The significance of explanatory variables was ranked using the forward stepwise regression model. The results showed that elevation considerably impacted the spatial distribution of air temperature, while emissivity was the least influential variable. This was primarily because emissivity values were numerically similar across different land covers, making it difficult to distinguish some land covers (e.g., forested areas and water body areas) in emissivity images. Additionally, the sensitivity of surface emissivity to precipitation was another factor that could affect the values. Thus, adding precipitation-related variables such as soil moisture and rainfall as explanatory variables may provide a potential improvement solution.
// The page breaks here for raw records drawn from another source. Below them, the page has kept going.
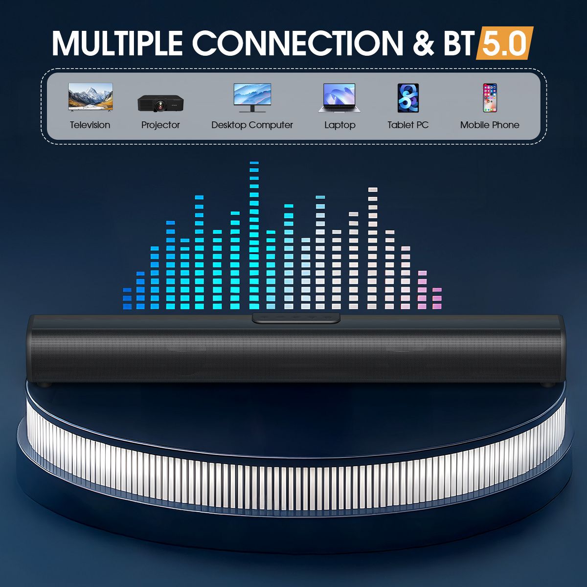SUGIFT 50W Bluetooth 5.0 Soundbar with 3D Surround Sound, Dual Full-Range Drivers, Wall Mountable, and Multiple Connection Modes
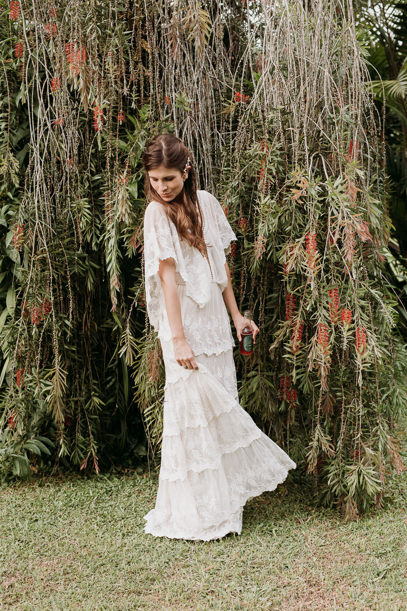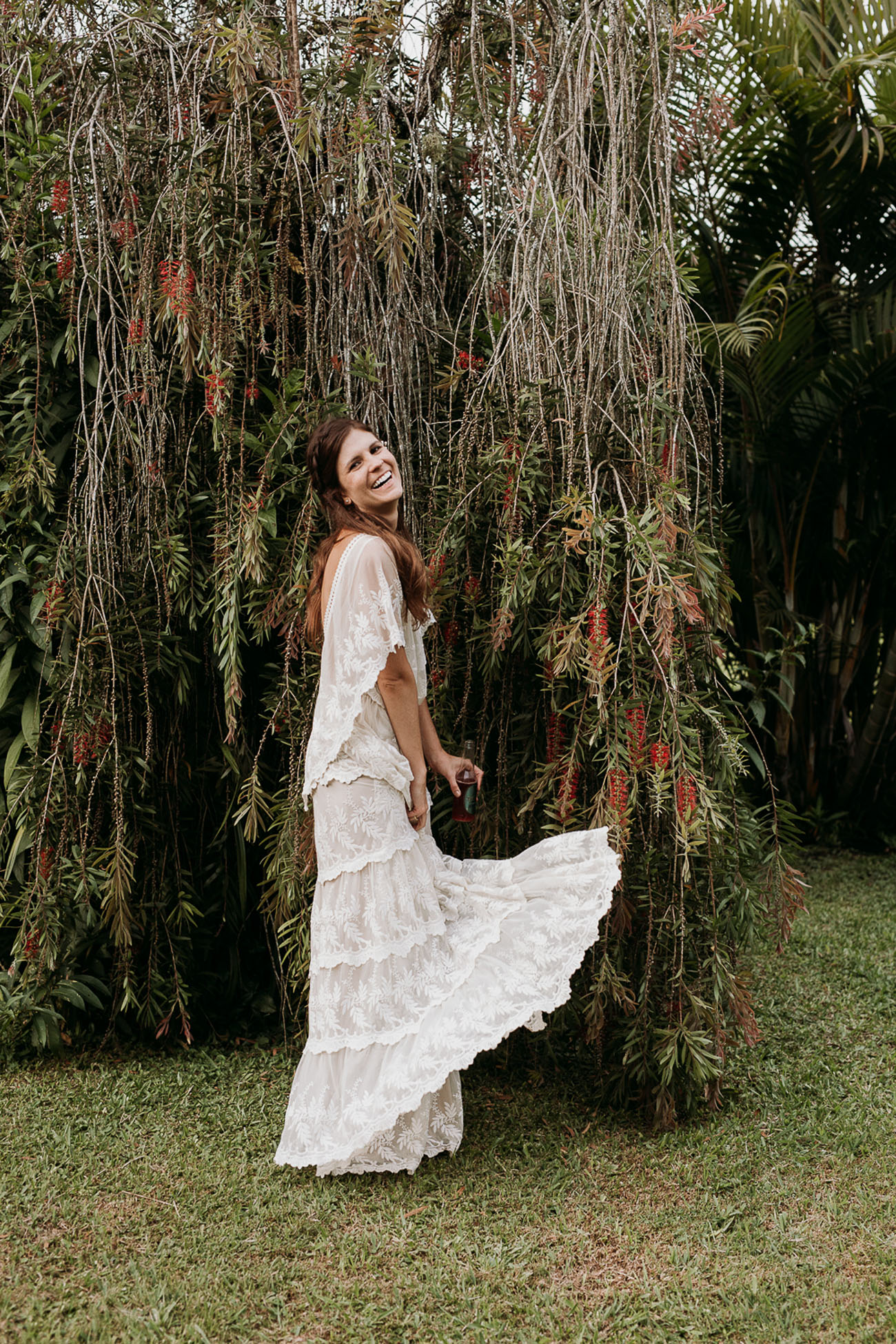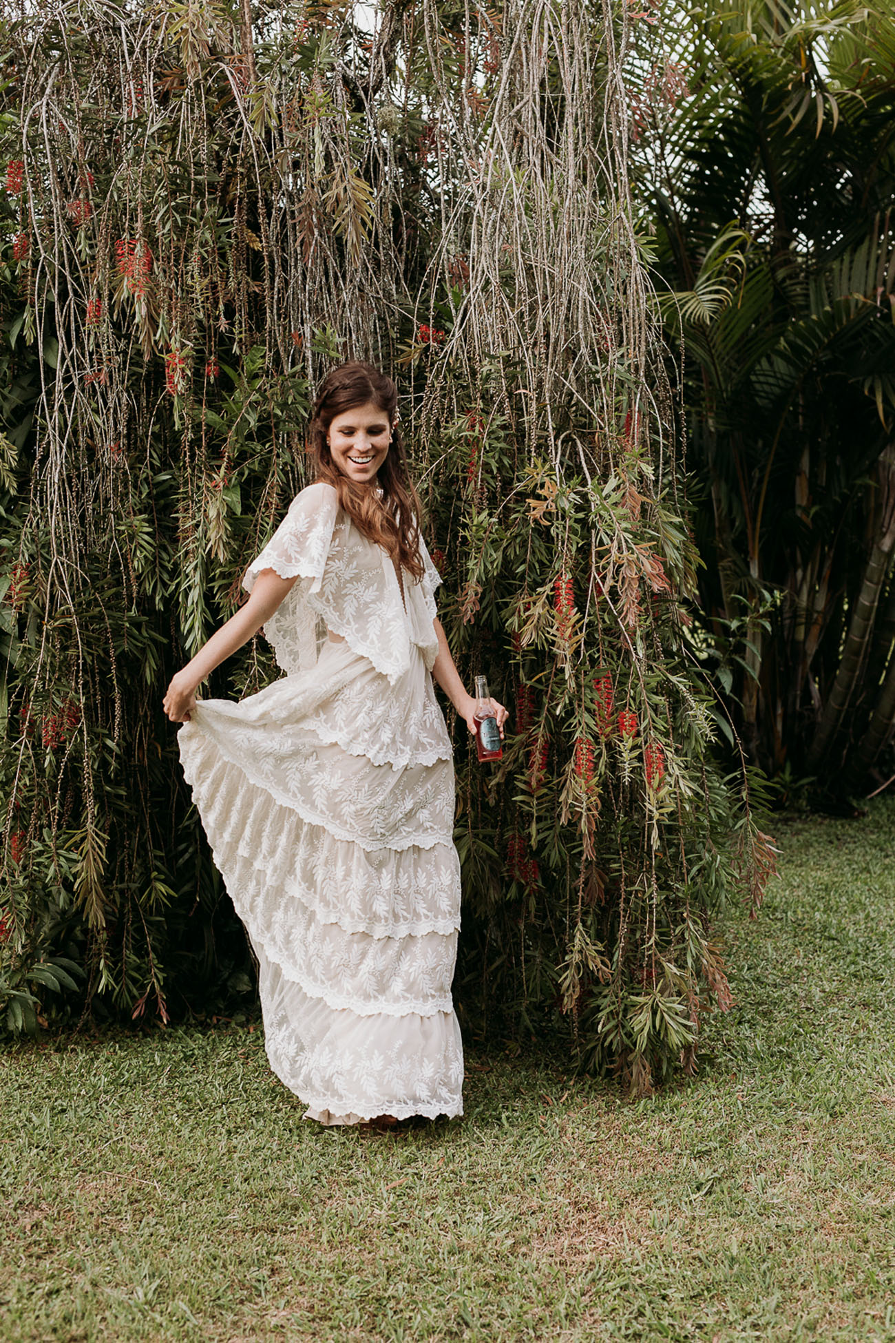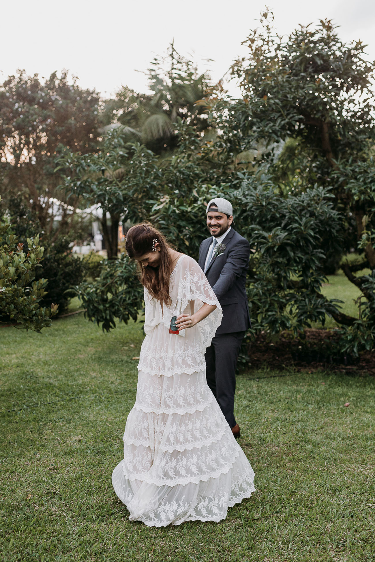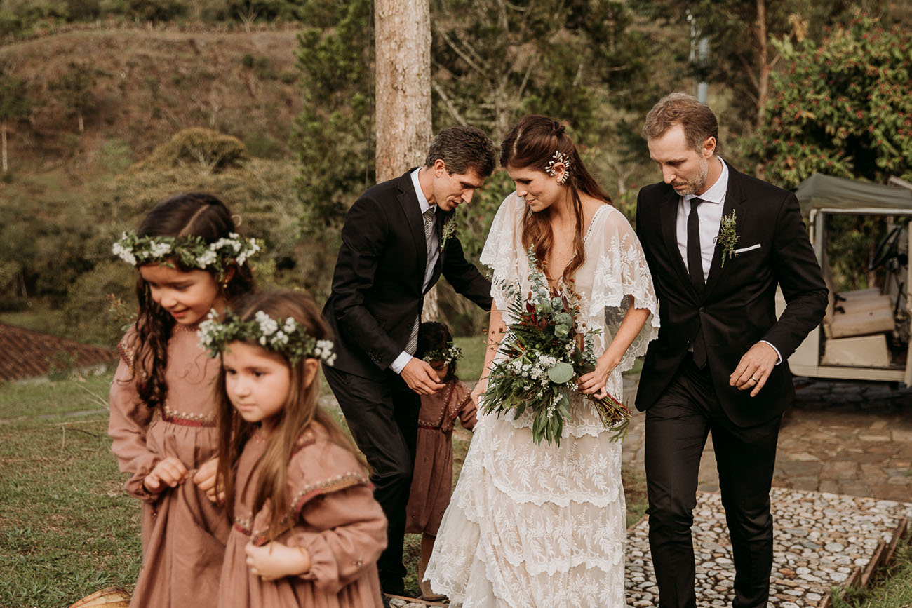 Aunque tenía cita con algunos diseñadores, un día vio la foto de un vestido en la edición de De Novia a Novia, en Bogotá. Ese era. Se lo mostró a Andrea, su cuñada, que fue su madrina y es su amiga, que la conoce tan bien. Sí, ese es. Lo que vino después es propio del curso —espontáneo— que han tomado las cosas en la vida de Sara: escribió por Instagram (@denoviaanovia.co), les dijo que quería el vestido. Se dio cuenta de que la modelo era amiga suya; le preguntó por medidas, por horma, por caída, por detalles. Era M. Ella es S. Luisa Nicholls, la diseñadora, supo la historia y decidió hacérselo. Se tomó las medidas, las envió y en un acto de fe, sin medírselo, lo recibió como el primer regalo, como el más auténtico, como el más emotivo: su hermano Pablo y su cuñada Andrea (esposos) se lo regalaron. Porque esto hubiera hecho el papá, le dijo Pablo. Porque su papá, que murió hace cinco años, habría querido verla feliz en ese vestido boho que reflejaba lo natural que ella es.
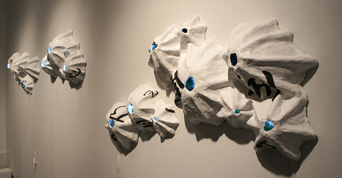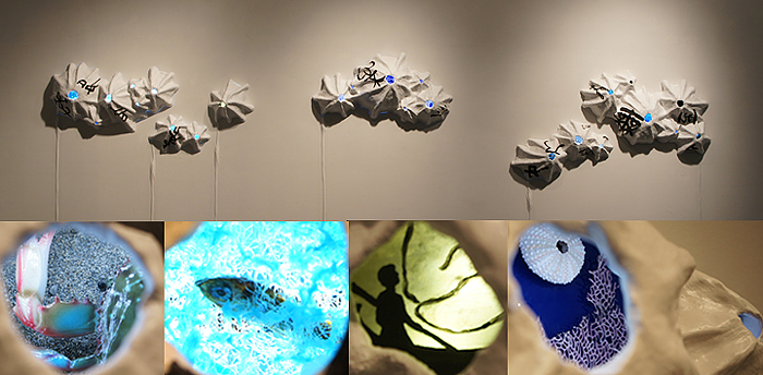 “Encrusted” is a site specific installation inspired by seashore landscape and islander cultures in Taiwan. It is the encrusted memory of my hometown. The installation consists of multiple sculptures in the shape of barnacle colonies. Each barnacle cluster is lit by LED lights and contains a miniature sculpture reflecting vignettes of human activities on and by the ocean.
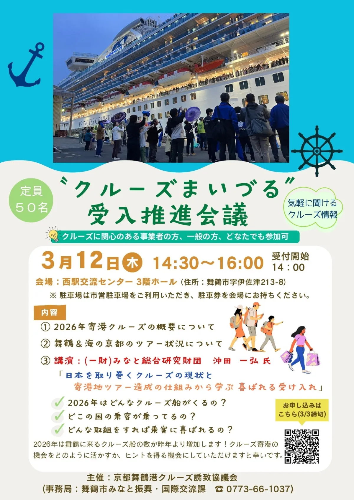 京都舞鶴港クルーズ誘致協議会が、2026年のクルーズ船寄港増加を目指す受入推進会議を開催します。この会議は、令和8年3月12日(木)の午後2時30分から西駅交流センターにて行われ、参加はどなたでも無料でできます。特に、これからクルーズ船の受入に興味がある事業者や一般の方にとって、新たな知識やアイデアを得る絶好の機会となります。
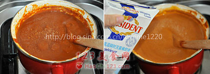 8、最后调入淡奶油(奶油可以根据自己的喜好增减)。

The performance of four error metrics revealed the limitation of R-squared in the downscaling model, which is the limited variation range and inflated R-squared values. Therefore, in future research, more attention should be given to other validation indicators, such as RMSE. Furthermore, using ERA5-Land data as a global-scale variable for downscaling in urban areas can inevitably result in spatial differences in air temperature at the microenvironment scale due to the complex surface of urban areas. Although there is a slight disadvantage, our results demonstrated that the proposed multi-source data fusion model could generate high-quality air temperature data suitable for heatwave-related studies. Given the limited number of meteorological stations in urban areas, the produced air temperature datasets have important implications for public health research, which requires quantitative data, especially continuous and high-resolution data, to support excess mortality analysis associated with heatwaves. Moreover, the resulting dataset can also provide valuable support for researching the environmental impacts of urbanisation, such as the UHI effect and its implications on building energy consumption and human health.